◆ **Description of the task**: Only the lines below from the one containing "A unique and" through the one containing "Los pendientes pequeños" belong in the answer, set down exactly, with the pictures left out.

◆ **Given records**:
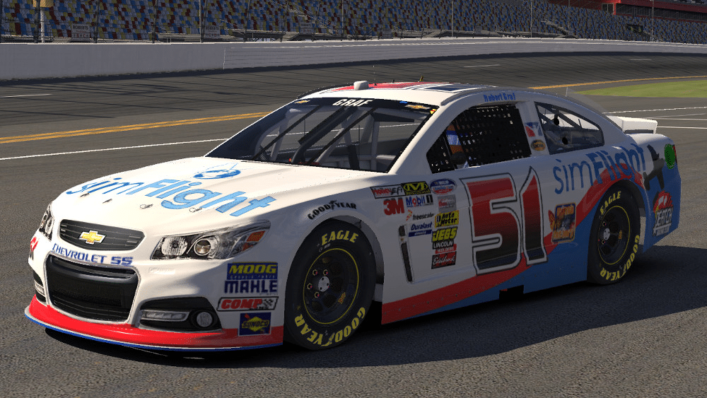 As mentioned at the beginning of his first race report for the season, the outing last week at Daytona was the last for the ‘current’ iRacing Chevrolet stock car as it is being replaced by a new model. Well, for those who are following Robert’s progress, he has forwarded the attached images of the new car in a new, updated, simFlight livery which I think you’ll agree looks pretty good!
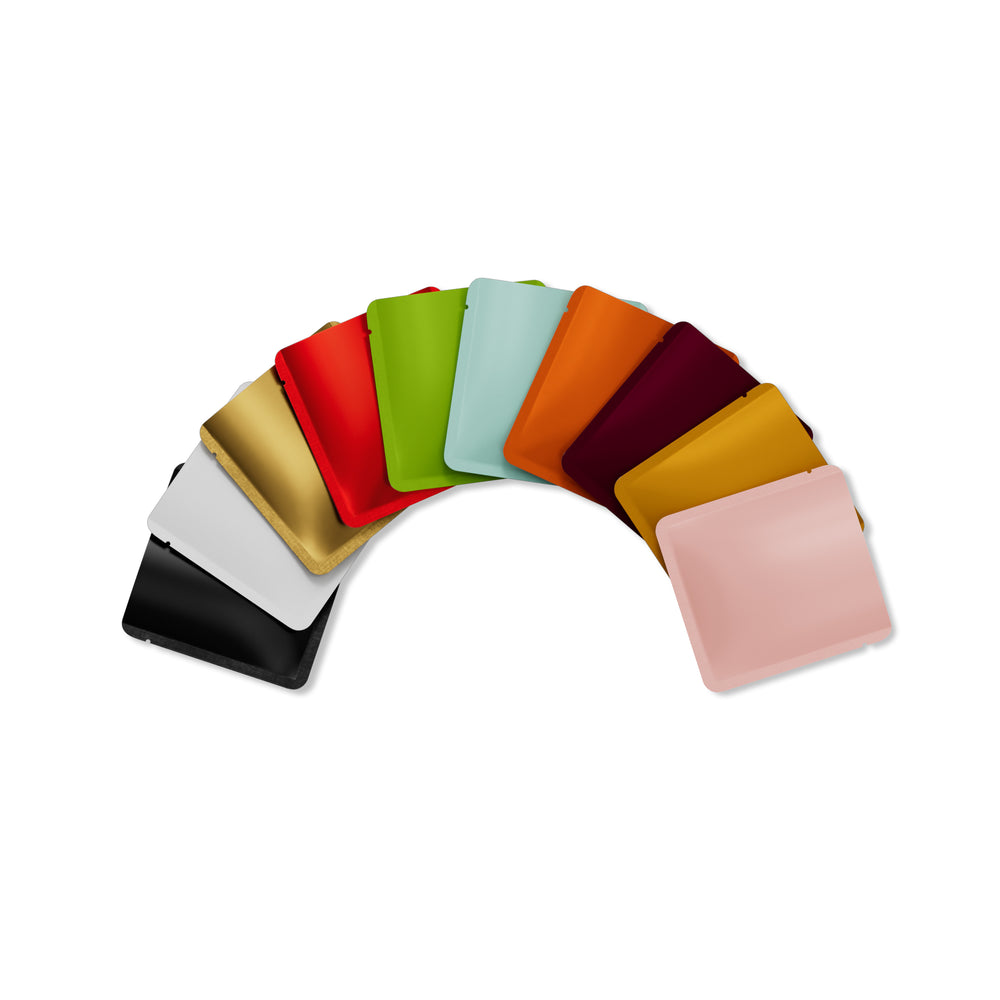 A unique and stylish way to store and carry your items. This square bag is designed from matte aluminum with a rounded corner, making it look sleek and modern. It's equipped with a tear notch for easy opening after being heat sealed. Its smooth finish gives it an extra touch of shine, so you can always be seen in style.
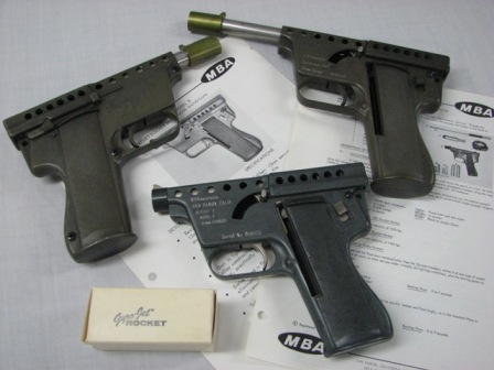 由于美国军方不愿意接受Gyrojet火箭枪,所以MBA公司在1965年开始在民用市场销售。最初的Gyrojet Mark I型为.51(13mm)口径的火箭,这种弹药很贵。但在1968年,美国的枪支管制法的创造了一个新的法律术语——“破坏性装置”(destructive device)。根据新的法律,任何武器发射直径超过0.5英寸而且内部填充爆炸物的弹丸就被认为是破坏性装置,并必须获得许可并缴纳税款,注册的过程要几年,但在过渡期内,MBA研制了避开这条法律的Gyrojet Mark II型,发射.49(12mm)口径的火箭弹。
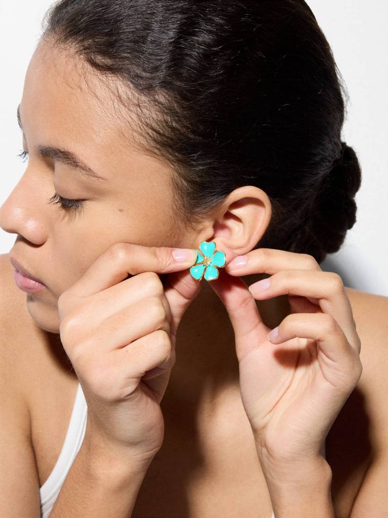 Los pendientes pequeños en forma de flor son unos de los preferidos de las mujeres +50 de pelo corto. Y más con modelos como este de Parfois en azul turquesa, ideales para lucir en las vacaciones por la costa. Son elegantes a la par que bonitos para dar un toque de luz y color al rostro. Al estar rebajados un 50%, cuestan menos de 3 euros (5,99 euros 2,99 euros).
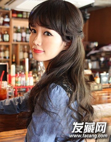 很适合淑女的一款造型, 甜美的空气刘海加上完美的公主头发型勾勒出别致的时尚感来, 长卷发优雅显知性,加上蓬松的刘海设计整个造型淑女范十足。

◆ **Worked solution**:
 A unique and stylish way to store and carry your items. This square bag is designed from matte aluminum with a rounded corner, making it look sleek and modern. It's equipped with a tear notch for easy opening after being heat sealed. Its smooth finish gives it an extra touch of shine, so you can always be seen in style.
 由于美国军方不愿意接受Gyrojet火箭枪,所以MBA公司在1965年开始在民用市场销售。最初的Gyrojet Mark I型为.51(13mm)口径的火箭,这种弹药很贵。但在1968年,美国的枪支管制法的创造了一个新的法律术语——“破坏性装置”(destructive device)。根据新的法律,任何武器发射直径超过0.5英寸而且内部填充爆炸物的弹丸就被认为是破坏性装置,并必须获得许可并缴纳税款,注册的过程要几年,但在过渡期内,MBA研制了避开这条法律的Gyrojet Mark II型,发射.49(12mm)口径的火箭弹。
 Los pendientes pequeños en forma de flor son unos de los preferidos de las mujeres +50 de pelo corto. Y más con modelos como este de Parfois en azul turquesa, ideales para lucir en las vacaciones por la costa. Son elegantes a la par que bonitos para dar un toque de luz y color al rostro. Al estar rebajados un 50%, cuestan menos de 3 euros (5,99 euros 2,99 euros).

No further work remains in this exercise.